■ **Your instructions**
Output each entry verbatim and exclude every picture from it.
————
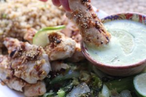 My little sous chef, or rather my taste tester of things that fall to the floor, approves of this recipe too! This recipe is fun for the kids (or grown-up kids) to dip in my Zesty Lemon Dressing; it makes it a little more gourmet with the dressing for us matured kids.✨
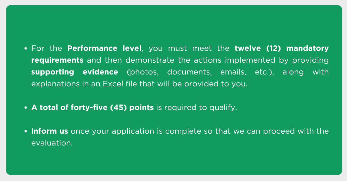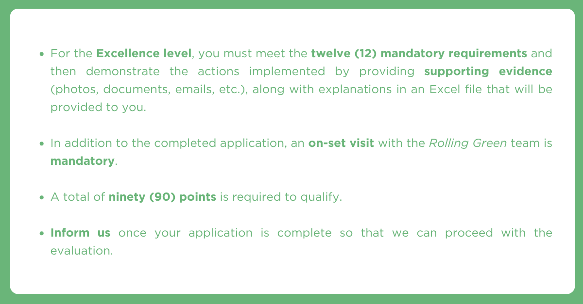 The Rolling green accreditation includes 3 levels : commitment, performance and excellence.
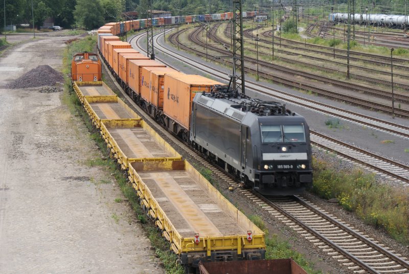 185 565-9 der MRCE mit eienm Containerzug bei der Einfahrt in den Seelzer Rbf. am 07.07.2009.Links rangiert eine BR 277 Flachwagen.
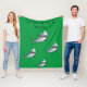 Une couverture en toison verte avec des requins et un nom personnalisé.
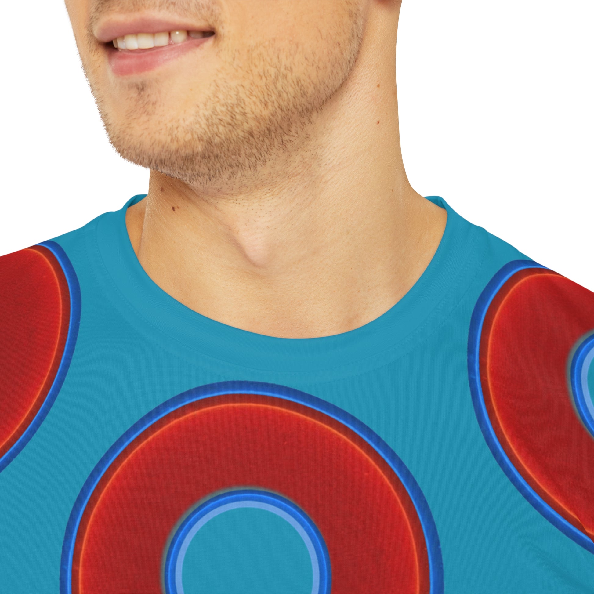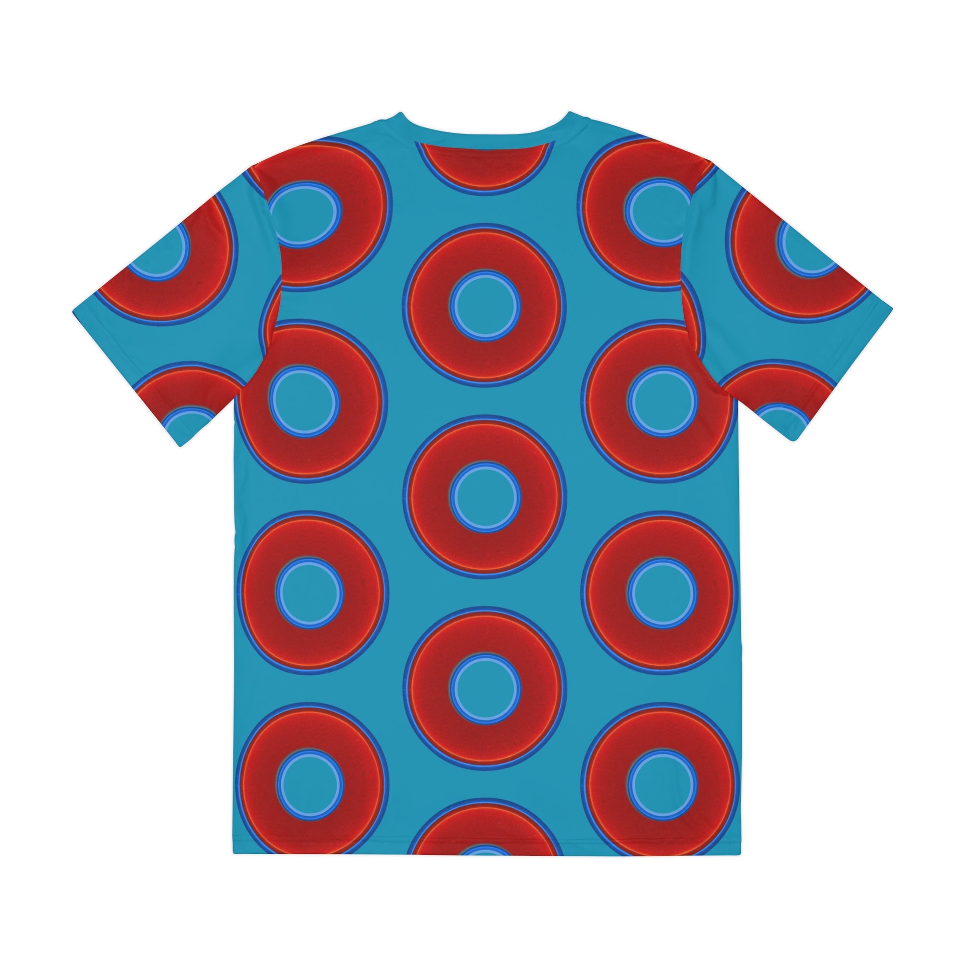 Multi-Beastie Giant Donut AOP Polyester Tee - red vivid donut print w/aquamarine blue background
————
■ **Solved problem**
 My little sous chef, or rather my taste tester of things that fall to the floor, approves of this recipe too! This recipe is fun for the kids (or grown-up kids) to dip in my Zesty Lemon Dressing; it makes it a little more gourmet with the dressing for us matured kids.✨
 The Rolling green accreditation includes 3 levels : commitment, performance and excellence.
 185 565-9 der MRCE mit eienm Containerzug bei der Einfahrt in den Seelzer Rbf. am 07.07.2009.Links rangiert eine BR 277 Flachwagen.
 Une couverture en toison verte avec des requins et un nom personnalisé.
 Multi-Beastie Giant Donut AOP Polyester Tee - red vivid donut print w/aquamarine blue background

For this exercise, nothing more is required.